After studying the PostgreSQL and Pgbackrest logs, as well as the $PGDATA /pg_wal/archive_status/ directory, we came to the conclusion that PostgreSQL archiving works correctly, WAL files are archived to the server with Pgbackrest, but the queue continues to accumulate. The reason for this behavior is that Pgbackrest by default copies WAL segments to the server in a single thread. Frequent triggering of checkpoints leads to the fact that Pgbackrest does not have time to copy. To solve this problem, it is enough to increase the number of threads. If the parameter values checkpoint_timeout or max_wal_size are too large, it may result in longer database recovery times. Please note that the parameter value max_wal_size – This wish, not a limitation. This value may be exceeded. But in this case, when archiving WAL, there may be a lack of data transfer speed between hosts, so an archiving queue will appear. If two factors coincide—a large archiving queue and a sudden node crash due to an emergency shutdown or loss of network availability—RPO (recovery point objective) violations are possible, since WAL logs will remain on the fallen node. Therefore, it is necessary that the archiving queue does not grow.

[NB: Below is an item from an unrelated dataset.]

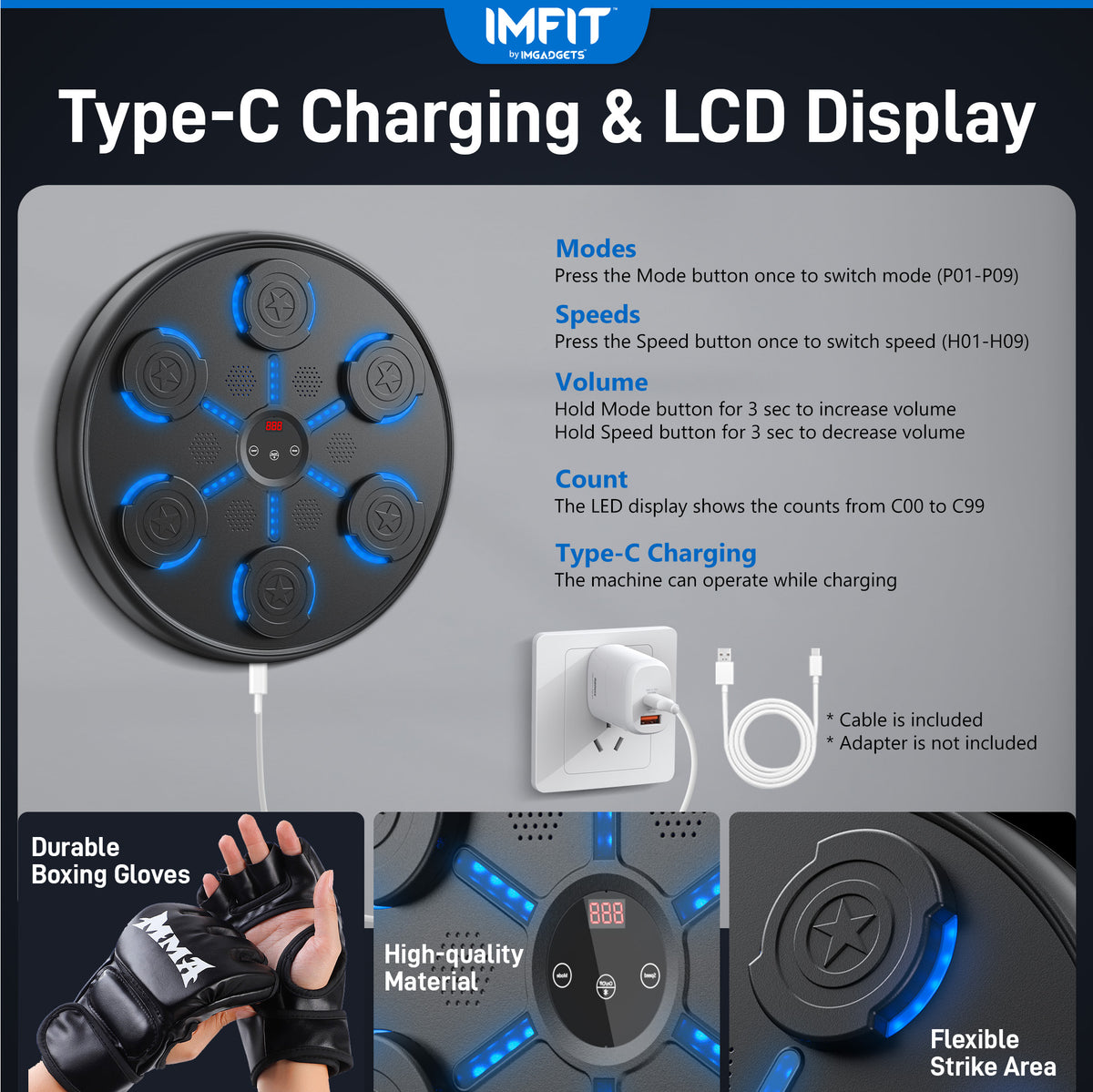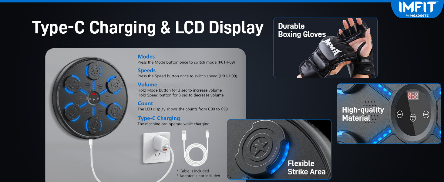 Smart Features: The IMFIT Music Boxing Machine features fast Type-C charging and a clear LCD, ensuring a seamless and effortless fitness experience with easy access to workout stats.

Using the Pgbackrest documentation, we selected the settings we were interested in:

--archive-async — asynchronous sending and receiving of WAL segments. This command enables asynchronous work for teams archive-push And archive-get. As a result, it becomes possible to parallelize threads and reuse connections

--process-max — the maximum number of processes used for compression and transmission. Each process will compress the data to make the command run faster. However, too high a value should be avoided max-max, because it may degrade database performance. If you set this value:

[global:archive-push]
Process-max=2
[global:archive-get]
Process-max=2

then with asynchronous archiving there will be two streams of transmission of WAL segments, as well as two streams of reception. Therefore, the archiving queue will be copied twice as fast.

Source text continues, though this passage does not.